A C++20 framework for high-performance simulation of open quantum dynamics

C++QED is a framework for simulating open quantum systems — master equations and quantum-jump Monte Carlo (QJMC) trajectories — targeting production-scale runs on HPC/HTC clusters. It is the successor to C++QED v2, rewritten in a modern C++20 functional style while preserving the core performance principle: compile-time resolution of the full tensor-product structure of the Hilbert space.

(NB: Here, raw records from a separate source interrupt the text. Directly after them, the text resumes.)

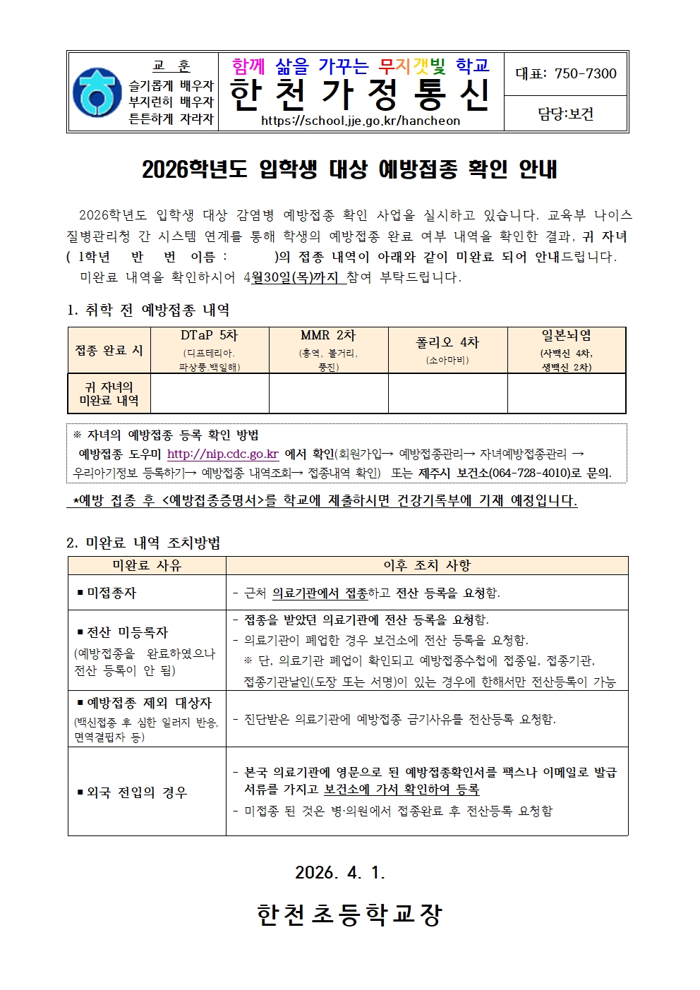 (제주특별자치도교육청가정통신문)2026학년도 다자녀 가정 교육비 지원 신청서(학교 방문 신청용)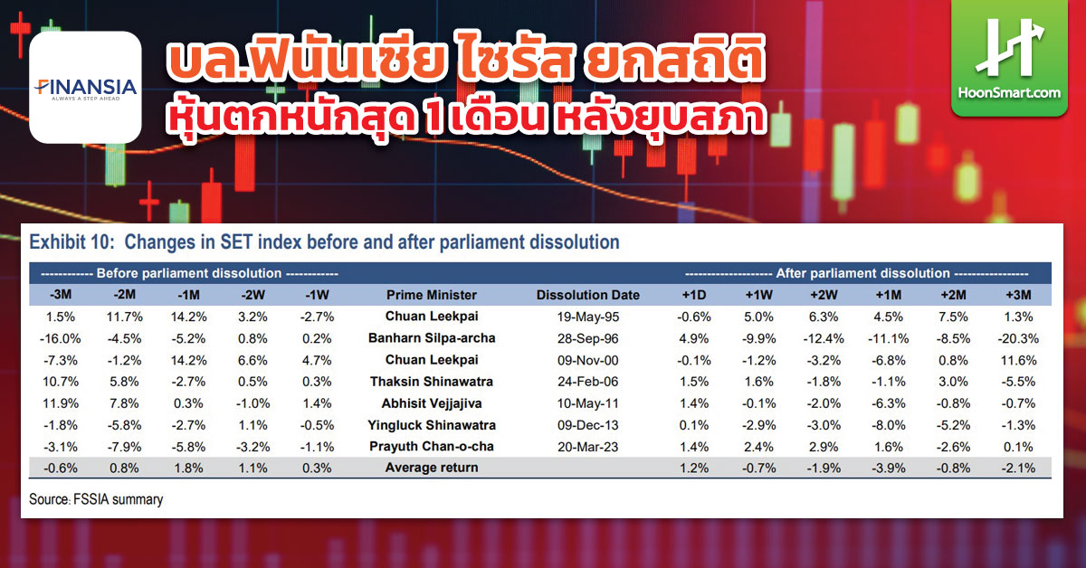 อย่างไรก็ดี จะเห็นได้ว่า Timeline การเลือกตั้งเร็วขึ้น คาดว่าจะมีการเลือกตั้งใหม่ในวันที่ 8 ก.พ. 2569 หากเป็นไปตามกรอบที่วางไว้ คาดว่า SET จะปรับตัวขึ้นได้ จากสถิติ SET จะขึ้นได้ราว 2.07% ในช่วง 2 เดือนก่อนการเลือกตั้ง และหุ้นที่น่าสนใจลงทุนเป็นหุ้นในกลุ่มธนาคาร, ไฟแนนซ์, มีเดีย, ICT และค้าปลีก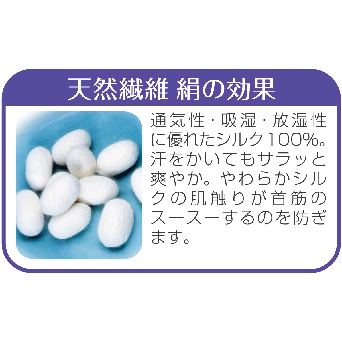 通気性・吸湿・放湿性に優れたシルク100%の衿もとカバー。のびのび素材で、ふんわり締め付け感なく着用いただけます。首すじの冷え対策や、気になる年齢サインのカバーにも。おやすみ時にも、またアウターと組み合わせてなど、幅広くお使いいただけます。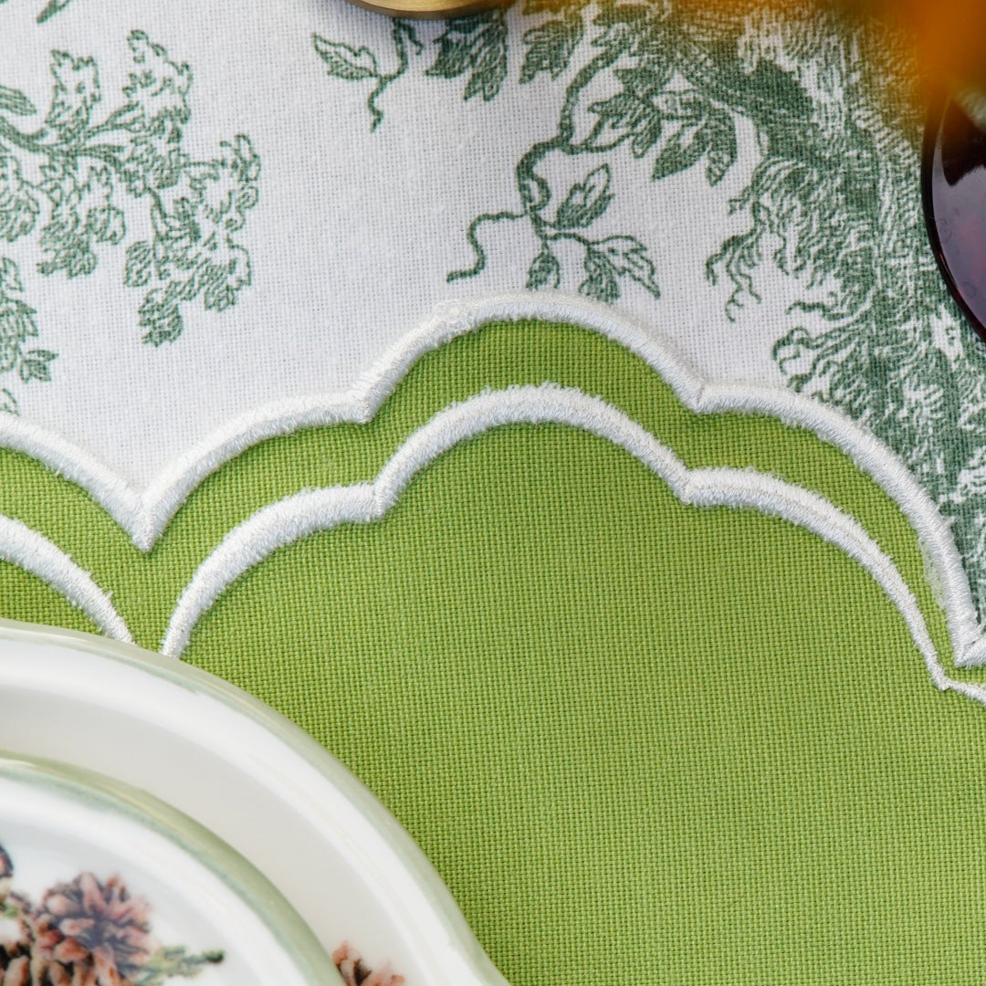 Brighten your table with the delightful Aquelle Placemat. Crafted from a premium cotton blend and delicately finished with blue wavy scalloped embroidery, this design adds a touch of classic elegance to any gathering. Perfect for everyday meals or special occasions.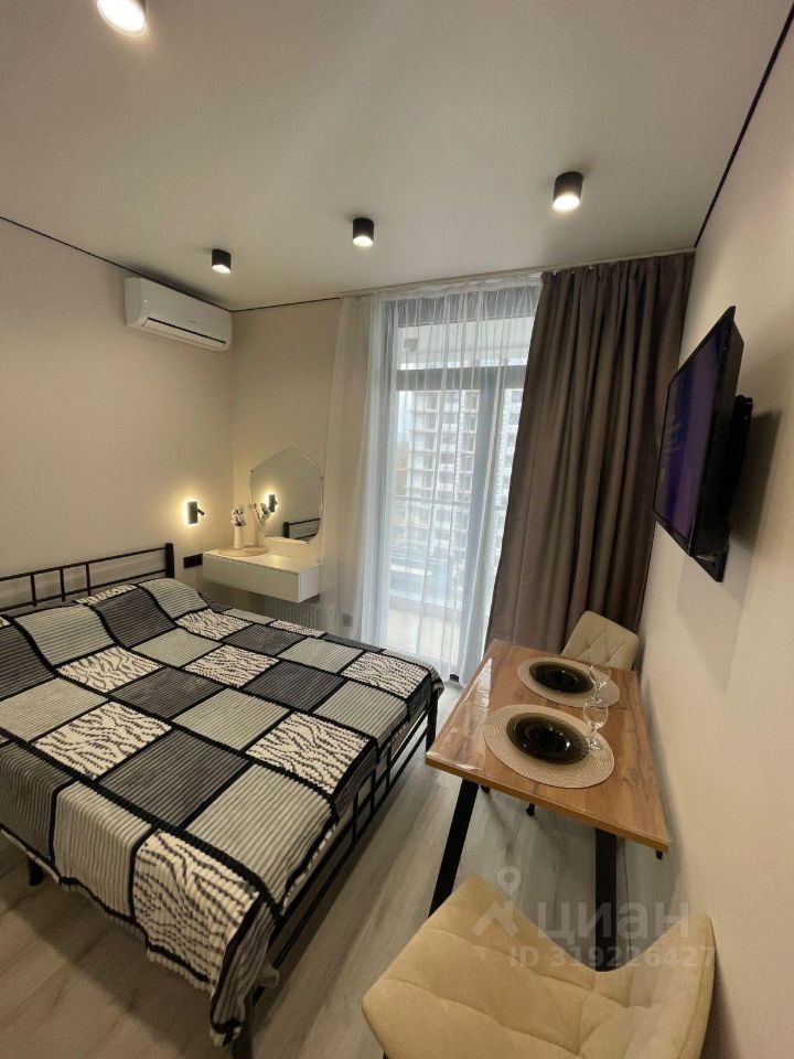 Сдается уютная студия в новом доме по адресу: Россия, Краснодарский край, Сочи, микрорайон Бытха, Ясногорская улица, 16/2к7. Квартира находится на 8 этаже 19-этажного дома, построенного в 2023 году. Общая площадь — 18. м, идеально подходит для одного человека или пары.

📖 Developer Guide — narrative documentation, design rationale, and API reference.

Who is this for?

C++QED occupies a different niche from QuTiP or QuantumOptics.jl:

QuTiP / QuantumOptics.jl C++QED v3
Interface Interactive notebook / REPL Compiled executable
Workflow Prototype → explore → iterate Define system → compile → deploy
Execution Single workstation Command-line, batch jobs, HPC/HTC clusters
Parameter sweep Python/Julia loop Cluster job array
State In-memory, session-based Checkpointed, resumable, serialized
Output Inline plots Structured, streamable data files

If you are exploring a new system interactively, use QuTiP. If you are running thousands of trajectories in a parameter study on a cluster, C++QED is the right tool.

Key features

  • Compile-time tensor product structure. The RANK (number of subsystems) and the axes retained in any partial operation are non-type template parameters, resolved entirely at compile time. You pay the compilation cost once; every trajectory runs at full speed.
  • C++20 concepts and Boost.Hana sequences replace the v2 template metaprogramming maze. Composite system Hamiltonians are heterogeneous Hana tuples; composition is recursive and zero-overhead.
  • Multi-diagonal sparse operators. Virtually all physically relevant operators in quantum optics (ladder, number, Kerr, displacement, squeezing) are multi-diagonal in the Fock basis. MultiDiagonal is closed under composition, direct product, and Hermitian conjugation, with exact offset arithmetic.
  • Unified trajectory driver. A single run() function handles checkpointing, automatic continuation, autostopping at steady state, adaptive output density, and structured JSON logging — everything needed for unattended HPC jobs.
  • QJMC ensemble parallelism. The natural HTC model: submit N independent single-trajectory jobs; average in post-processing. pcg64 provides provably independent parallel streams.
  • Master equation. Lindblad master equation on full density operators, using the same H/i convention and non-Hermitian picture as QJMC — state-vector operations are broadcast directly over density operator indices.

Library structure

The MultiDiagonal sparse operator library has been split into its own repository: cppqed-multidiagonal. It is a standalone, physics-agnostic C++ library for multi-diagonal sparse operators over tensor-product Hilbert spaces, and is a dependency of this repository.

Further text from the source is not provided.